There were 14 of us fitting helmets and checking flashlight batteries at the conservation center.  We followed a paved path for several hundred yards and then diverted across a dry creek bed and up a hill till we came to a rock wall with what appeared to be a cage sitting in front...but where was the opening?

 As our guide fiddled with the padlock, he explained that this was a "bathtub entrance," so named because you had to sit down as if you were in a tub and then slide feet first "down the drain."  He went on to say that no one had ever gotten physically stuck in the cave but getting an arm wedged or a helmet hitting the top of the opening can lead to people getting mentally stuck.  I looked down at my son to see if there was any apprehension...  Nope, as soon as our guide had disappeared Fritz hopped into the cage to pursue.

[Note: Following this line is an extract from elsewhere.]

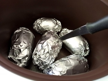 Приготовим ингредиенты. Такое блюдо без лишних хлопот и длительного стояния у плиты можно приготовить, имея под рукой мультиварку. Не все хозяйки догадываются, что в ней можно не только варить супы и выпекать пироги, но и запекать даже в фольге. Картофель, естественно, лучше использовать молодой, с тонкой кожицей и не очень крупный. Клубни картофеля тщательно моем, чтобы кожица во время запекания на клубнях не лопнула, вилкой делаем несколько проколов, можно ножом сделать надрез по кожице. Натираем клубни картофеля оливковым маслом и смесью соли, черного молотого перца, по желанию можно использовать готовую приправу для картофеля или любые специи по вкусу. Фольгу нарезаем на небольшие квадраты, чтобы хватило полностью обернуть каждый клубень и заворачиваем картошку. Картофель в фольге кладем в чашу мультиварки, но наполнять ее нужно не более чем на ¾ всего объема, иначе картофель плохо пропекется. Закрываем мультиварку крышкой, выбираем программу «выпечка» и ставим готовиться на час-полтора. Если такой программы в мультиварке нет, то нужно выбрать программу с аналогичными функциями или программу «мультиповар» и самостоятельно задать температурный режим. Во время приготовления блюда картофель можно проверить на готовность. Достаточно на картофель надавить, если он мягкий, значит, картофель пропекся. По желанию время запекания картофеля можно увеличить или уменьшить, выставим дополнительно нужное время или отключив программу.

Having just seen my son swallowed up by a hole in the ground I realized that I was the one feeling apprehensive and projecting it on him.  I approached the opening and here's what I saw:

The arrow marks the "bathtub drain"

 At the bottom was just enough room to lean forward and switch from moving feet first to crawling on your belly at least ten feet and going around a corner.  Fritz, at 57 pounds and 48 inches didn't even realize this was an obstacle.  I felt a sudden thankfulness that I'd lost 20 pounds from walking the dog this year and wondered if 20 was enough.  But eventually I was sitting beside Fritz in the "twilight zone" of the cave as we waited for the others.

The twilight zone, yes there really is such a place, describes the area of a cave where there is still some light from the entrance.  You may be able to see the silhouette of your hand in front of your face.  Here we got our lecture on the three types of animals we might find in the cave. 1) Trogloxenes (cave guests) are creatures that usually live outside caves but may take shelter in one.  2) Troglophiles (cave lovers) live part of their lives in the cave and part outside.  Bats fall into this category.  The troglophiles we saw today were a millipede and several salamanders.

A salamander wishing the trogloxene with the camera would move on

The third category is troglobites (cave dwellers).  These are the creatures with no eyes and no pigment.  The guide said he'd even seen some that were transparent and you could see their internal organs, but there weren't any in this cave.

We went through another passage, this one not as tight a squeeze but it was at a 45 degree angle.  At times it was easier for me to roll across the rock formations, although Fritz was able to walk through bent over.

Now we were in the dark zone.  As expected, the guide invited everyone to turn off their lights and experience total darkness.  At the same time he had everyone move their hands forward and backward in front of their faces while making a "shh" sound.  Although we couldn't see anything we could detect a change in sound as our hands moved.  This was as close as we could come to experiencing the echolocation used by bats.  Here's where we learned two things that Fritz remembered when retelling his experience to Daddy (why do boys always hone in on the "gross" stuff?)

First, in the outside world the bottom of the food chain starts with plants converting the sun's energy.  But in caves there is no sun and no plants.   The troglophiles, particularly bats, who go outside the caves to eat return to the caves and deposit guano (children ask your parents).  This starts the cave food chain.  Algae can form on the guano and insects may eat one or the other or both.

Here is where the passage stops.